Droogte
Als je afgelopen zomer om je heen hebt gekeken, kun je het eigenlijk niet gemist hebben: verdroogd gras, dorre bomen en verdacht lekker weer. Het lijkt in de koude, natte wintermaanden misschien een vage herinnering aan betere tijden, maar de droogte is volgens het KNMI pas eind december echt opgehouden. Dat wil zeggen dat er de hele herfst lang niet genoeg regen is gevallen om het tekort van de zomer in te halen, en we 2018 afsluiten met een neerslagtekort van bijna 250 millimeter.
Dat zit zo: in Nederland valt er normaal ongeveer 800 millimeter regen per jaar, dus gemiddeld zo’n 67 millimeter per maand. In normale jaren valt er in de lente- en zomermaanden (gelukkig) minder dan die 67 millimeter, maar dat tekort wordt vrijwel altijd in de nazomer- en herfstmaanden ingehaald, waardoor het jaartotaal toch weer rond de 800 uitkomt. Afgelopen zomer is er alleen de hele zomer lang zó weinig regen gevallen dat er in de herfst bijna twee keer zo veel regen had moeten vallen als normaal om het gebrek op te vangen.
Helaas (of gelukkig, afhankelijk van hoe je het bekijkt) is het ook in de herfst heerlijk weer geweest: eind oktober was het nog 25 graden. Het gigantische neerslagtekort van de zomer is dus bij lange na niet gecompenseerd, en dat was te zien: nog tot begin december stond het water in de grachten en vijvers merkbaar laag en stonden sloten vaak zelfs helemaal leeg.

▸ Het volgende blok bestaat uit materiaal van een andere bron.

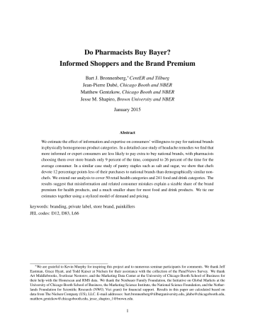 Do Pharmacists Buy Bayer? Informed Shoppers and the Brand Premium Bart J. Bronnenberg,∗ CentER and Tilburg Jean-Pierre Dubé, Chicago Booth and NBER Matthew Gentzkow, Chicago Booth and NBER Jesse M. Shapiro, Brown University and NBER January 2015 Abstract We estimate the effect of information and expertise on consumers’ willingness to pay for national brands in physically homogeneous product categories. In a detailed case study of headache remedies we find that more informed or expert consumers are less likely to pay extra to buy national brands, with pharmacists choosing them over store brands only 9 percent of the time, compared to 26 percent of the time for the average consumer. In a similar case study of pantry staples such as salt and sugar, we show that chefs devote 12 percentage points less of their purchases to national brands than demographically similar nonchefs. We extend our analysis to cover 50 retail health categories and 241 food and drink categories. The results suggest that misinformation and related consumer mistakes explain a sizable share of the brand premium for health products, and a much smaller share for most food and drink products. We tie our estimates together using a stylized model of demand and pricing. keywords: branding, private label, store brand, painkillers JEL codes: D12, D83, L66 ∗ We are grateful to Kevin Murphy for inspiring this project and to numerous seminar participants for comments. We thank Jeff Eastman, Grace Hyatt, and Todd Kaiser at Nielsen for their assistance with the collection of the PanelViews Survey. We thank Art Middlebrooks, Svetlozar Nestorov, and the Marketing Data Center at the University of Chicago Booth School of Business for their help with the Homescan and RMS data. We thank the Neubauer Family Foundation, the Initiative on Global Markets at the University of Chicago Booth School of Business, the Marketing Science Institute, the National Science Foundation, and the Netherlands Foundation for Scientific Research (NWO, Vici grant) for financial support. Results in this paper are calculated based on data from The Nielsen Company (US), LLC. E-mail addresses: [email protected], [email protected], [email protected], [email protected]. 1 1 Introduction A 100-tablet package of 325mg Bayer Aspirin costs $6.29 at cvs.com. A 100-tablet package of 325mg CVS store-brand aspirin costs $1.99 (CVS 2013). The two brands share the same dosage, directions, and active ingredient. Aspirin has been sold in the United States for more than 100 years, CVS explicitly directs consumers to compare Bayer to the CVS alternative, and CVS is one of the the largest pharmacy chains in the country, with presumably little incentive to sell a faulty product. Yet the prevailing prices are evidence that some consumers are willing to pay a three-fold premium to buy Bayer.1 This is not an isolated case. In our data (described in more detail below), we find that consumers would spend $44 billion less per year on consumer packaged goods (CPG) if they switched from a national brand to a store-brand alternative whenever possible. Prior work documents substantial brand price premia in a wide range of non-CPG categories, such as automobiles (Sullivan 1998), index funds (Hortaçsu and Syverson 2004), and online books (Smith and Brynjolfsson 2001). Economists have long debated the origins of brand premia. On the one hand, national brands may offer superior quality or reliability,2 or may deliver direct utility benefits (Becker and Murphy 1993). On the other hand, consumers may be willing to pay a premium for brands because they overestimate the benefits of the brand, or are otherwise confused or misled.3 Determining which story holds is important for evaluating the efficiency of consumer goods markets and the welfare effects of advertising, and may be relevant to policy decisions in consumer protection and regulation. In this paper, we seek to separate these stories by asking how the propensity to buy CPG brands varies with consumer information and expertise. We introduce a novel database that matches household purchase data from the 2004-2011 Nielsen Homescan panel to a new survey containing direct measures of consumer product knowledge, as well as three broader proxies: completed schooling, college major, and occupation. 1 Indeed, in our data (described in more detail below), 25 percent of aspirin sales by volume (and 60 percent by expenditure) are to national-brand products. 2 In one instance, the FDA determined that a generic antidepressant performed less well than its branded counterpart, likely due to differences in their “extended release” coatings (Thomas 2012). A widely publicized recall of store-brand acetaminophen in 2006 resulted from the discovery that some pills could contain metal fragments (Associated Press 2006); such risks could conceivably be lower for national brands. Hortaçsu and Syverson (2004) conclude that purchases of high-cost “brand name” index funds partly reflect willingness to pay for non-financial objective attributes such as tax exposure and the number of other funds in the same family. 3 Braithwaite (1928) writes that advertisements “exaggerate the uses and merits” of national brands, citing aspirin and soap flakes as examples. Simons (1948) advocates government regulation of advertising to help mitigate “the uninformed consumer’s rational disposition to ‘play safe’ by buying recognized, national brands” (p. 247). Scherer (1970) discusses premium prices for national-brand drugs and bleach, and writes that “it is hard to avoid concluding that if the housewife-consumer were informed about the merits of alternative products by some medium more objective than advertising and other image-enhancing devices, her readiness to pay price premiums as large as those observed here would be attenuated” (pp. 329-332). More recently, a growing body of theoretical work considers markets with uninformed or manipulable consumers

Inmiddels ziet de wereld er op het eerste gezicht weer normaal uit, maar onder het oppervlak is niets minder waar. Omdat we 2018 afsluiten met een ernstig neerslagtekort, gaat dat tekort over naar 2019. We beginnen het jaar dus al in het rood, zeg maar. Het belangrijkste gevolg van het tekort is het lage grondwaterpeil. Het grondwater is een belangrijke buffer om schommelingen in de hoeveelheid neerslag te dempen; als de boel niet hersteld wordt kunnen we dus de komende droge periode minder goed opvangen.
Hieraan kunnen een boel gevolgen hangen. Natuurlijk dreigt er in de landbouw een groeiend risico op oogsten die mislukken, maar ook in de stad zelf zijn er meer gevolgen dan alleen wat verdroogd gras. Een lage waterstand zorgt voor een verhoogd risico op blauwalg en botulisme op plekken zoals de Hoornseplas. De vochtige klei waarop het gebied ten noorden van de binnenstad gebouwd is, kan uitdrogen en inklinken waardoor gebouwen kunnen verzakken. Uiteindelijk kan de gemeente zelfs besluiten het water te rantsoeneren om te zorgen dat er genoeg water overblijft.

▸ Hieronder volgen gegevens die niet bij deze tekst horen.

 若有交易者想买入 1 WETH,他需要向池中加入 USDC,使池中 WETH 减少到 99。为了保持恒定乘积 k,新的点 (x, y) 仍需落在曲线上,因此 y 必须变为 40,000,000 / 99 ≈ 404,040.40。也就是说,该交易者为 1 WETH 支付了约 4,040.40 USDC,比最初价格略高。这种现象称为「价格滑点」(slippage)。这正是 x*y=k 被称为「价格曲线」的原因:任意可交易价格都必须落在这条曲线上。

Voordat we zover zijn, is er wel meer nodig dan één droge zomer. Alles duidt er echter op dat dit soort extreme weersomstandigheden in de toekomst vaker gaan voorkomen. Door de opwarming van de aarde zal het steeds vaker gebeuren dat hogedrukgebieden uit Zuid-Europa zich naar het noorden uitbreiden en ook in Groningen lange, droge zomers met zich meenemen. Serieuze maatregelen zijn dus nodig om te zorgen dat we in de toekomst zulke watertekorten nog steeds kunnen blijven opvangen. Misschien wordt het toch tijd om wat dankbaarder te zijn voor het natte Groningse weer, nu het er nog is.